Data Availability: Material related to this study can be downloaded from https://github.com/YosvanyLopez/SSEvol-Suc.
Funding: The authors received no specific funding for this work.
Competing interests: The authors have declared that no competing interests exist.
Post-translational modification (PTM) refers to the enzymatic modification of proteins . As part of this biological mechanism, one or more amino acids of a protein interact with specific molecular groups. Such interaction functionally changes the amino acids, thereby impacting the function of the entire protein. From the 20 amino acids that make up the genetic code, lysine has proven to be the most susceptible residue to PTM. It has been involved in many PTMs including methylation [2, 3], sumoylation , acetylation , glycation  and malonylation . One of the recently identified PTMs is succinylation, which reportedly impacts the function and structure of proteins within biological interactions . Succinylation mainly refers to the addition of a succinyl group to lysine residues. This molecular change alters the charge of the lysine to -1, thus introducing a large structural moiety.

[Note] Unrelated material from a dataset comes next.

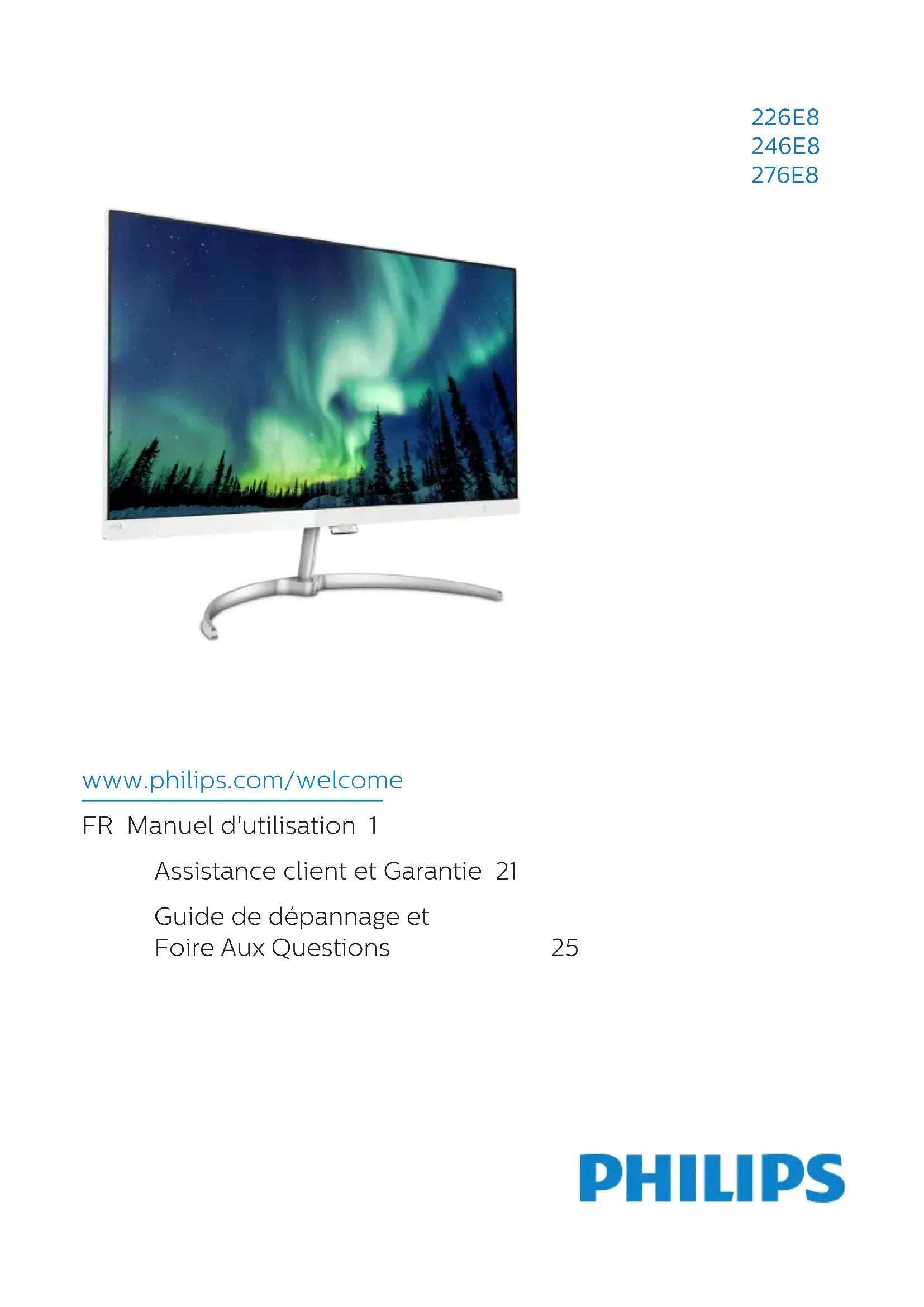 www.philips.com/welcome 226E8 246E8 276E8 FR Manuel d'utilisation 1 Assistance client et Garantie 21 Guide de dépannage et Foire Aux Questions 25Table des matières

Succinylation occurs in both eukaryotic and prokaryotic cells, and is common in enzymes involved in mitochondrial metabolism, amino acid degradation, and fatty acid metabolism. It has been also observed in histones with functions in chromosome configuration and gene expression. Nevertheless, the role of succinylation in other biological reactions needs to be extensively clarified. Therefore, the identification of succinylation sites can provide detailed insights into the function of proteins and their biological interactions.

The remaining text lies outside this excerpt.